SPORT
Lijewski wraca do gry
Krzysztof Lijewski najprawdopodobniej wystąpi w niedzielnym, rewanżowym spotkaniu PGNiG Superligi z Azotami Puławy. - Chcemy, aby już teraz zagrał 10-12 minut - mówi drugi trener mistrzów Polski, Tomasz Strząbała.
Prawy rozgrywający pauzuje od 17 kwietnia, kiedy na ostatnich zajęciach przed pierwszym meczem ćwierćfinału Ligi Mistrzów z Paris Saint Germain, naderwał mięsień międzyżebrowy. Wstępne diagnozy nie były optymistyczne i mówiły, że czeka go kilkutygodniowa przerwa. 35-latek do treningów wrócił po weekendzie majowym.
W niedzielę w kieleckiej bramce w dłuższym wymiarze czasowym powinien zaprezentować się Filip Ivić. Chorwat w ostatnich dniach zmagał się z bólem łokcia.

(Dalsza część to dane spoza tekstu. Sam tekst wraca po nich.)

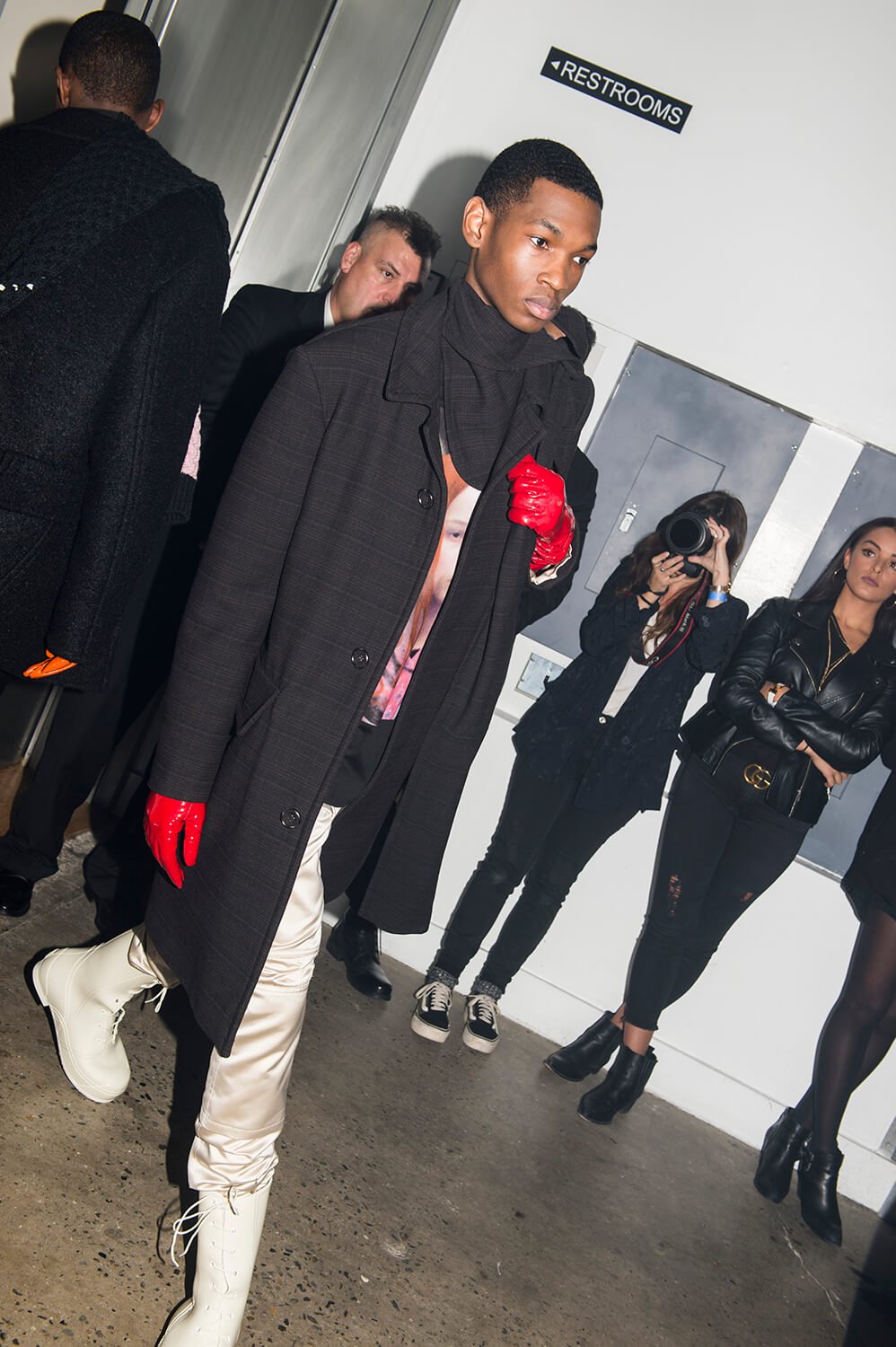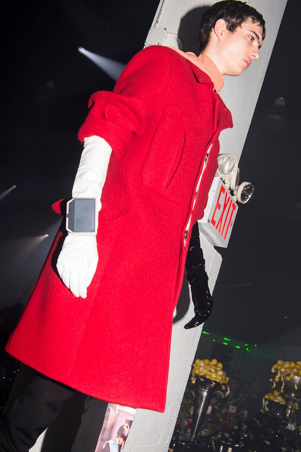 The words “The music was new black polished chrome and came over the summer like liquid night,”. Make of that what you will. It was the end of a party, psychedelic laser beams streamed into the room, strobing, wickedly lighting the way forward for this youth in revolt, for Raf’s dedicated fans. Big shoulders held up oversized tailored coats and what appeared to be pill boxes were attached to latex gloves. Practical. Moments of sinister string ensembles rang out through all that hypnotic techno. Disconcertingly hallucinogenic.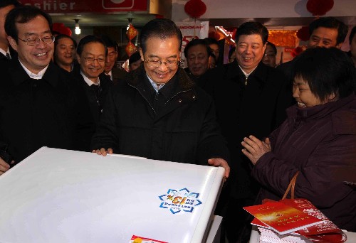 总理温家宝1日至2日来到山东青岛,进车间、到超市、入社区、下乡村,看望慰问广大干部群众,鼓励大家在新的一年里坚定信心,迎难而上,创造新业绩,谱写新辉煌。 这是1月2日,温家宝来到去年初被确定为家电下乡销售网点的即墨雅泰电器超市,了解“下乡”家电的销售情况。 新华社记者 姚大伟 摄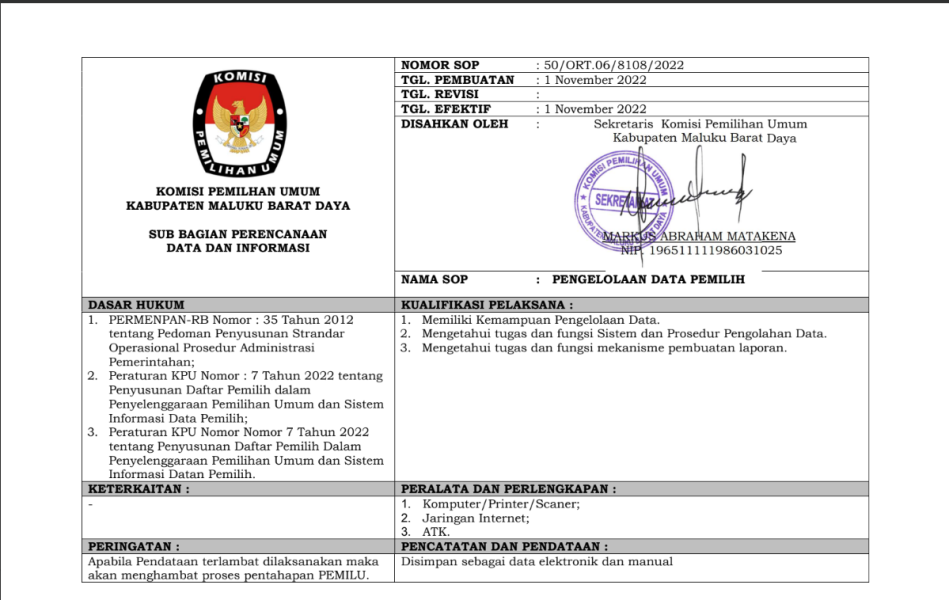 SOP DATA PEMILIH Selasa, 01 November 2022 11:25 48 Standard Operating Procedure Teknis Pembuatan dan Pengelolaan Materi dalam Akun Laman Resmi dapat diunduh disini Baca Selengkapnya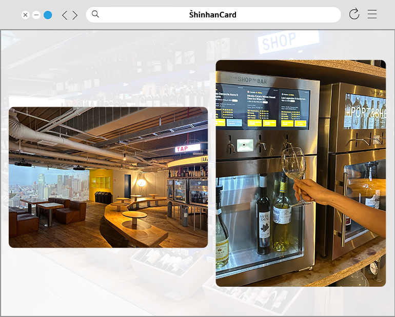 ※ 탭샵바의 ‘탭’은 질소로 기계를 누르는 시스템이라 산화 과정이 느려 장시간 신선한 와인 판매가 가능하다고 합니다.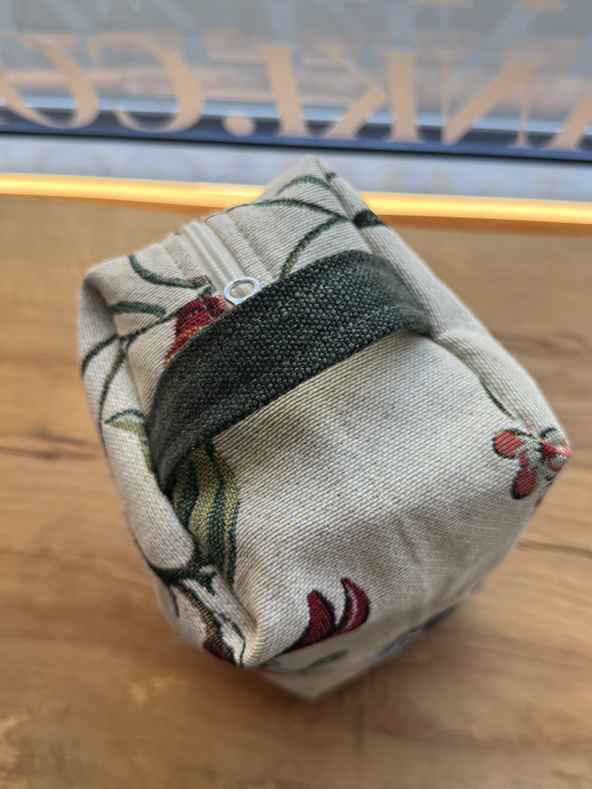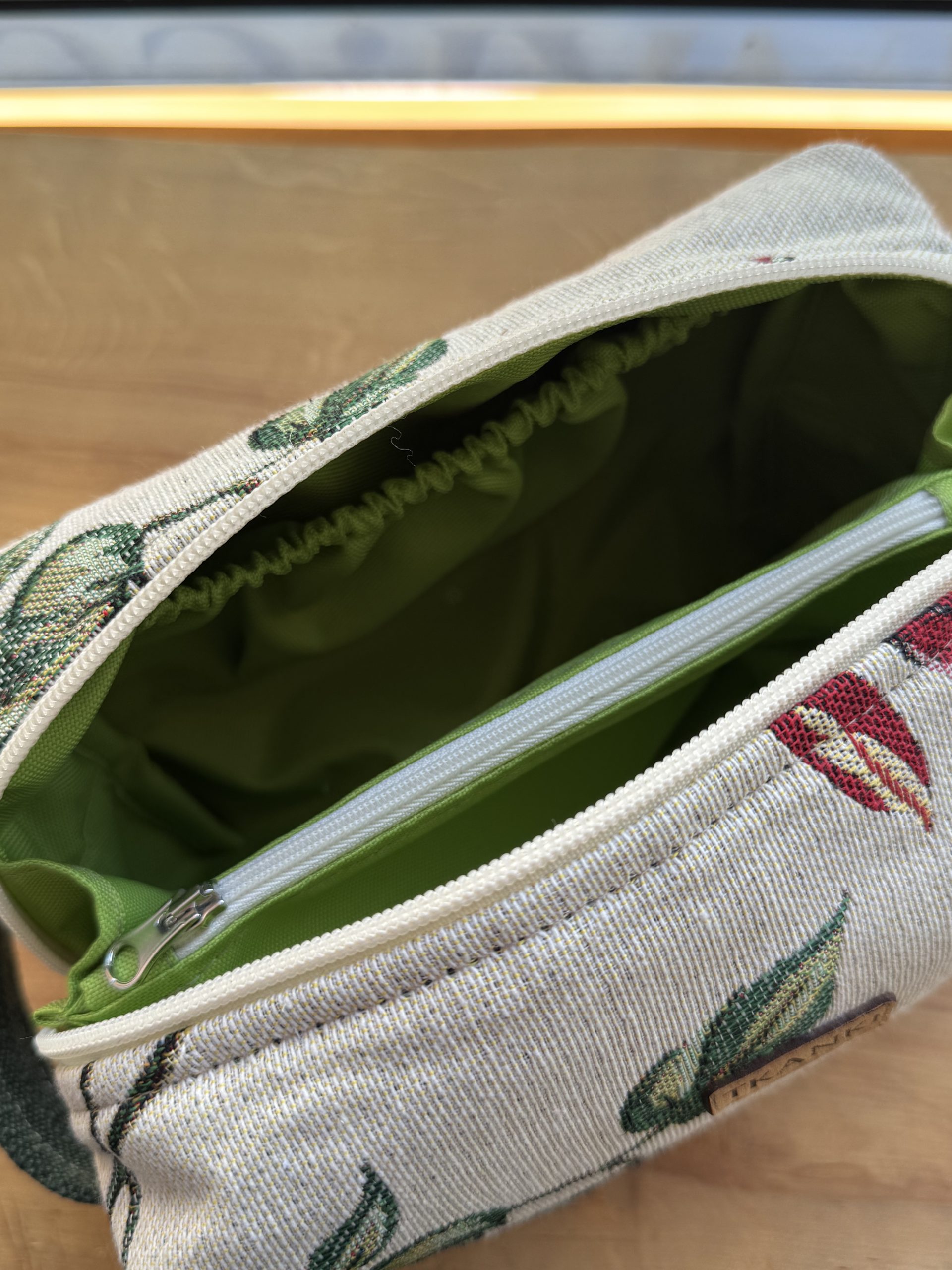 Kosmetyczka uszyta w duchu idei zero waste z niepotrzebnych materiałów. Ma główną komorę podzieloną na środku kieszonką zapinaną na suwak (można w niej schować różne drobiazgi), dodatkowo na jednej ze ścian bocznych naszyta jest kieszeń ściągana gumką. Wykończona wodoodporną podszewką. Kosmetyczka uszyta w jednym egzemplarzu, od początku od końca powstawał w naszej pracowni.

- Filip od jakiegoś czasu jest w indywidualnym treningu bramkarskim z naszym nowym trenerem. Miejmy nadzieję, że to przełoży się na to, że będzie mógł wystąpić. W finale Pucharu Polski wszedł już na kilka minut. Później znowu poddał się rekonwalescencji, ale nie wynikało to z tego, że coś mu się stało. Taki był plan. Myślę, że teraz już zagra - przekonywał Strząbała.
Pod znakiem zapytania, w rewanżu z Azotami, stoi występ Matusza Kusa. Niedzielny mecz w Hali Legionów rozpocznie się o godz. 13.00. PGE VIVE w pierwszym spotkaniu w Puławach wygrało 37:27.